→ What needs to be done
Exactly the lines from the one holding "国道箱根坂路改築記念碑を見て戻ると上には 道路標示 静岡県 さよなら神奈川〜。 |" through the last line of the listing below must appear in the answer, and no pictures.

:: Supplied records ::

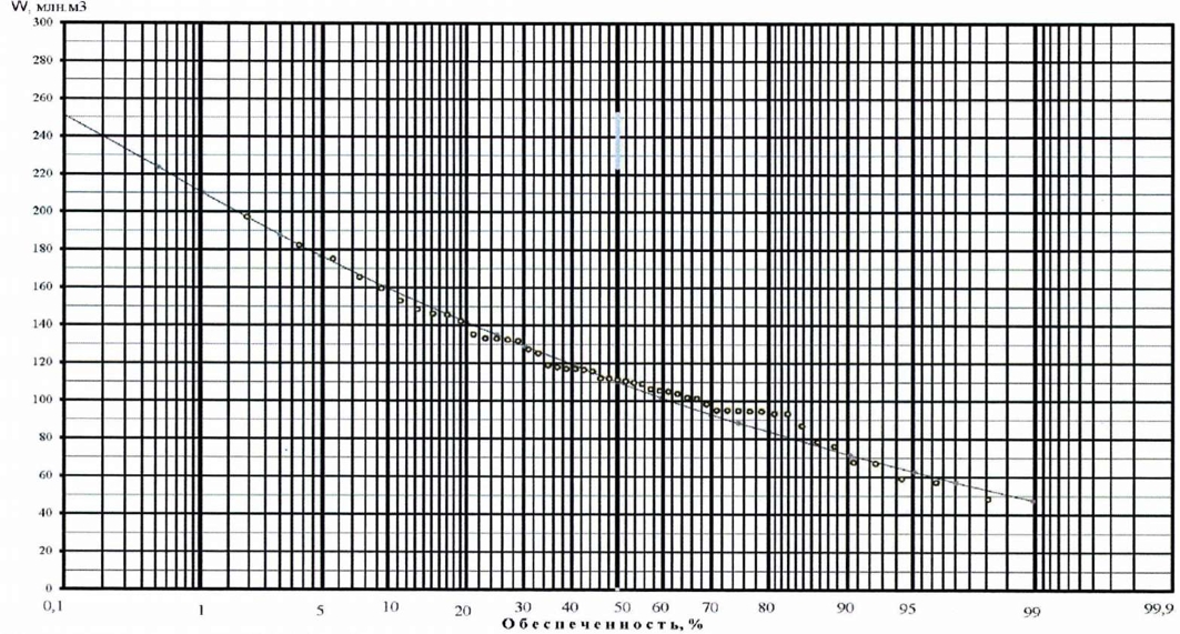 Обеспеченность объемов годового стока р. Лесной Тамбов в створе гидроузла Тамбовского водохранилища:
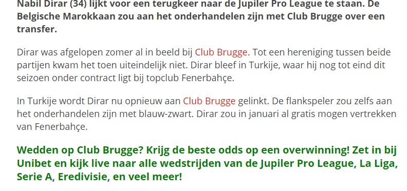 Nabil Dirar, Ocak'ta Club Brugge'a transfer olacak. Görüşmelerde son aşamaya gelindi.
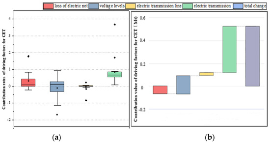 Contribution rates and contribution value of driving factors for CET. (a) Contribution rates of driving factors for CET. (b) Contribution value of driving factors for CET.
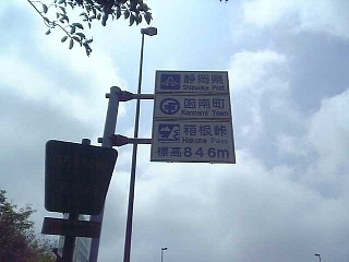 国道箱根坂路改築記念碑を見て戻ると上には 道路標示 静岡県 さよなら神奈川〜。 |
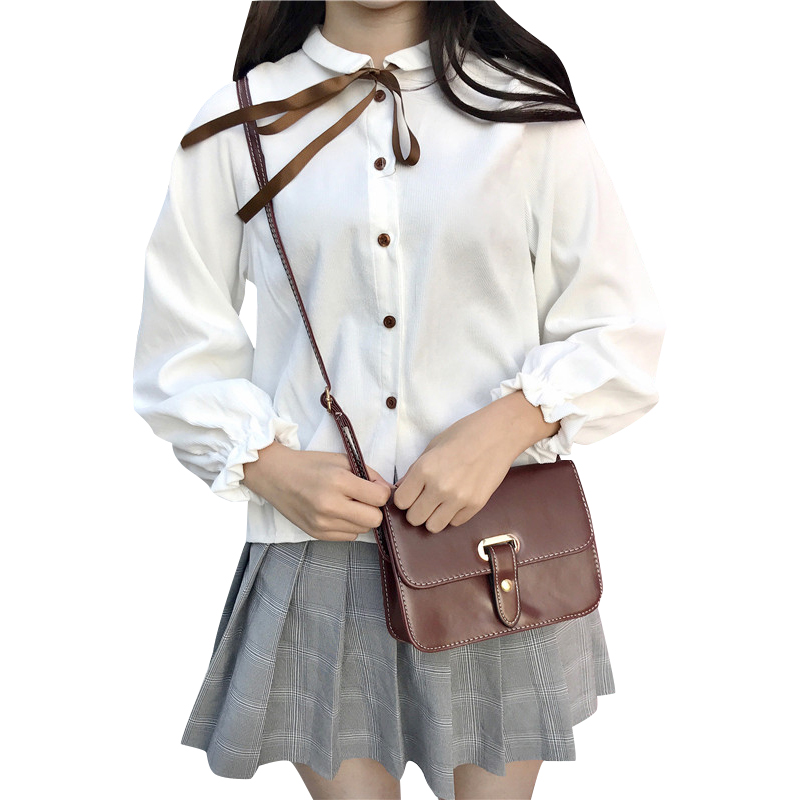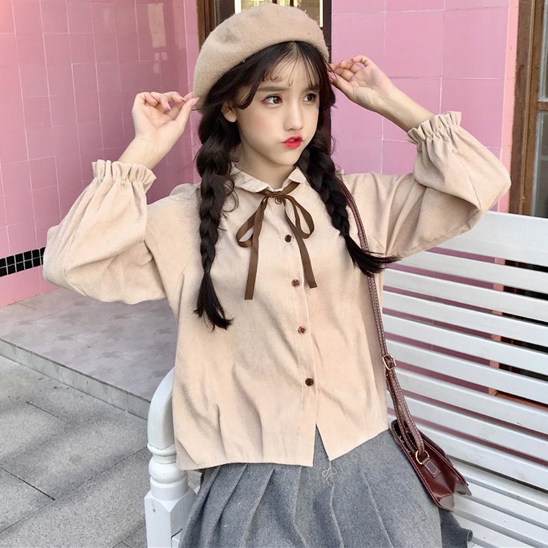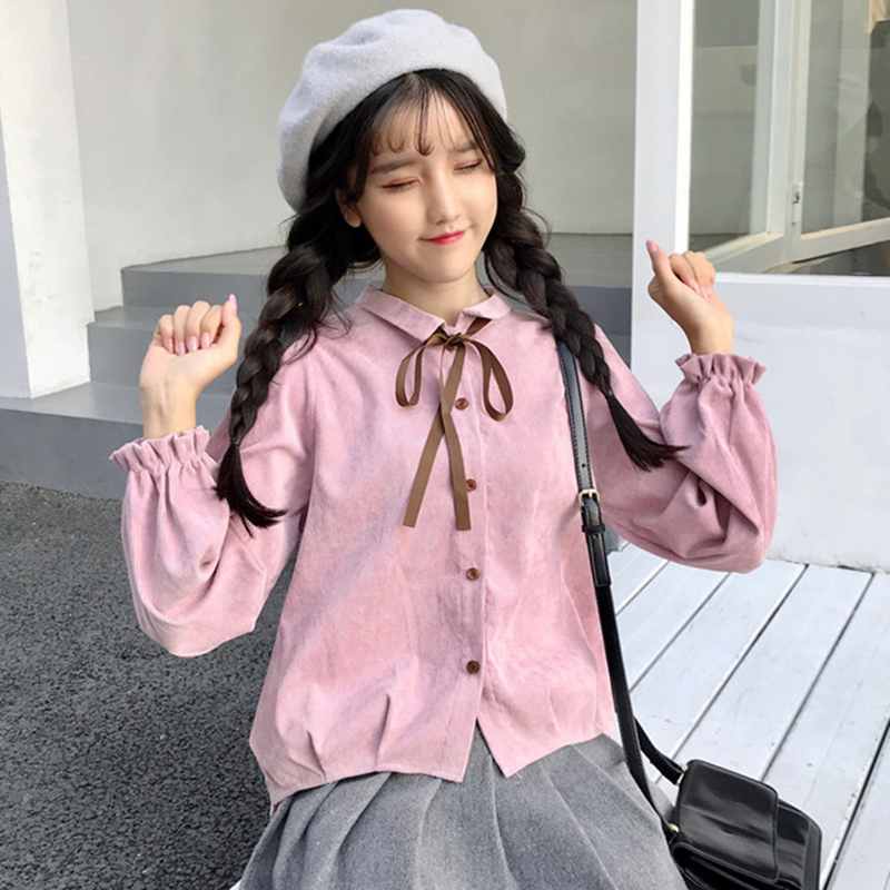 / 秋冬新款女裝清新燈芯絨蝴蝶結系帶寬松顯瘦學生長袖休閑襯衫上衣

:::

→ Output for this exercise
 国道箱根坂路改築記念碑を見て戻ると上には 道路標示 静岡県 さよなら神奈川〜。 |
 / 秋冬新款女裝清新燈芯絨蝴蝶結系帶寬松顯瘦學生長袖休閑襯衫上衣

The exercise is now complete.